Other hypotheses include Black patients harboring past negative healthcare experiences in hospitals, potentially heightening negative scenarios, he said, adding that racially charged language used in electronic medical records could have also contributed. A January study found that negative descriptors like “noncompliant” and “aggressive” are disproportionately used in Black and minority patient records.
Unlike the 2021 Massachusetts study, the recent paper found no statistically significant correlation between race, ethnicity and physical restraining. The results could show a lower threshold to call security on Black patients, with hospital personnel potentially de-escalating situations or eventually realizing that patients don’t pose an “actual threat,” Valtis said. Physical restraints are also more complex decisions that can involve agreements between doctors, nurses and security and are only used as a last resort, he added.
“So maybe taking more time to consider the decision [to restrain] and bringing more people to consider the decision makes it less likely that bias and racism will guide the decision,” Valtis said.
Black patients face a risk when entering hospital systems in which they are the minority, said Gail Christopher, executive director of the D.C.-based nonprofit the National Collaborative for Health Equity. Hospital systems are still “woefully lacking” in physicians of color and other high-level staff roles, she said.
“Whenever you're in a system like that, particularly a medical system where as soon as you show up you’re vulnerable and showing up in need, then you're at risk for individual biases being expressed,” Christopher said. “And because you're vulnerable, and others have authority, either the authority over your body as a physician or the authority over your behavior as a security person, then you're vulnerable to the manifestation of those biases.”
Risk and vulnerability in hospitals is so prevalent that Christopher advises patients of color not to go into medical systems alone.
“And that’s sad that we live in such a time,” Christopher said. “But it’s the truth.”
The Collaborative recognizes that healthcare disparities can’t be fixed only by hospitals, the public sector, or other single entities, the executive director said.
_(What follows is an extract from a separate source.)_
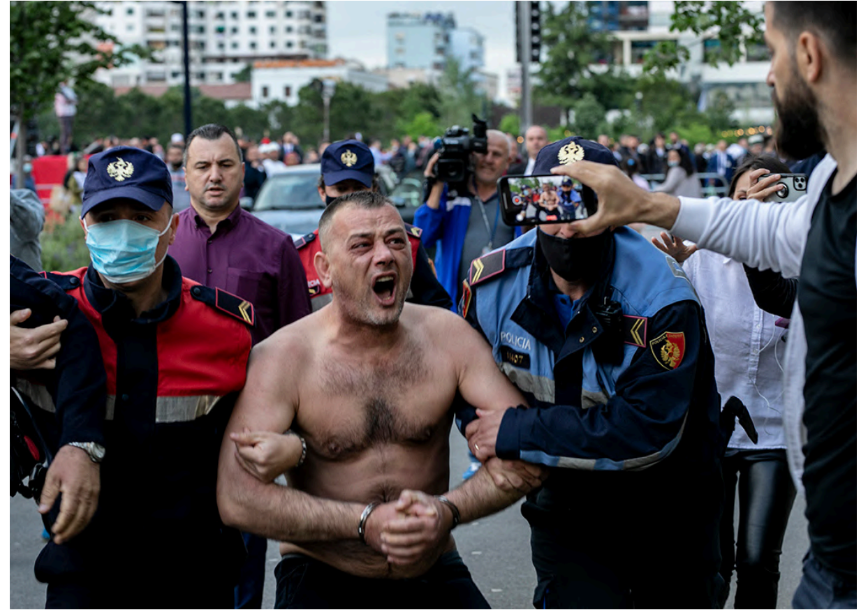
TIRANA, ALBANIA – MAY 13, 2020: Police detain a man in handcuffs after he attempted to set himself on fire in the middle of worshippers at Skanderbeg Square during Eid al-Adha prayers on May 13, 2021.

Instead, the non-profit takes a multi-prong approach to eliminating racism including a curriculum called TRHT, a five-pillared strategy including narrative change, racial healing and relationship building, segregation and separation, law and economy.
Brigham is trying to address healthcare disparities by running anti-racism and trauma-informed de-escalation training in the emergency medicine department. The program, which was funded by a 2020-2021 internal department grant, developed pilot training for interdisciplinary groups to de-escalate patients in a more unbiased way. The program is currently ongoing and has trained about 120 staff members with the goal of training approximately 500 staff, said Dana Im, director of quality and safety at Brigham’s emergency medicine department.
The training provides safe spaces for staff to ask questions and analyze the data, Im said. Sensitivity is a factor as well, the director said, adding that the study results were “really hard” and “difficult” to hear for staff.
“It’s tough to be having these conversations, but they’re so important,” Valtis said. “At the end of the day it’s just important for us to keep in mind that we're doing this to take better care of our patients.”